We let the script run and indeed, it successfully extracts all 30 contraints for us!

``` python
-- CONSTRAINTS --
model.addConstr(b[1] + b[0] - b[2] == 81, 'cnstr0')
model.addConstr(b[0] - b[1] + b[2] == 53, 'cnstr1')
[...]
```

## Solving the LP

Now that we have the constraints the program "defines" on the 30 input characters, solving the LP is straightforward.

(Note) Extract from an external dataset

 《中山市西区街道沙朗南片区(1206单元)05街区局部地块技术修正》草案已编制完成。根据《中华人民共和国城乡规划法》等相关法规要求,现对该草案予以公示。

We make use of Python/ Gurobi and write a script that should do the job:

``` python
from gurobipy import *

model = Model("calm")

b= []
for i in range(30):
b.append(model.addVar(vtype= GRB.INTEGER,
lb= 0,
ub= 256,
name= "b[%s]" % i
))

model.update()

# constraints
model.addConstr(b[1] + b[0] - b[2] == 81, 'cnstr0')
model.addConstr(b[0] - b[1] + b[2] == 53, 'cnstr1')
[...] # add remaining 28 constraints here ;)

model.update()
model.optimize()

print repr(''.join([chr(int(var.x)) for var in b]))

```

We add 30 variables (one for each input byte) to the model and restrict their value space to [0, 256] to make it a little easier for Gurobi. The extracted constraints are then added to the model as well and after solving the LP (which takes basically no time at all), the script prints the flag :)

## Conclusion

Although the challenge description screams "use angr!", we successfully solved the challenge in our own way. Some parts of the solution are intentionally left blank as the challenges from the BackdoorCTF 2017 are transferred to a practice area for permanent hosting.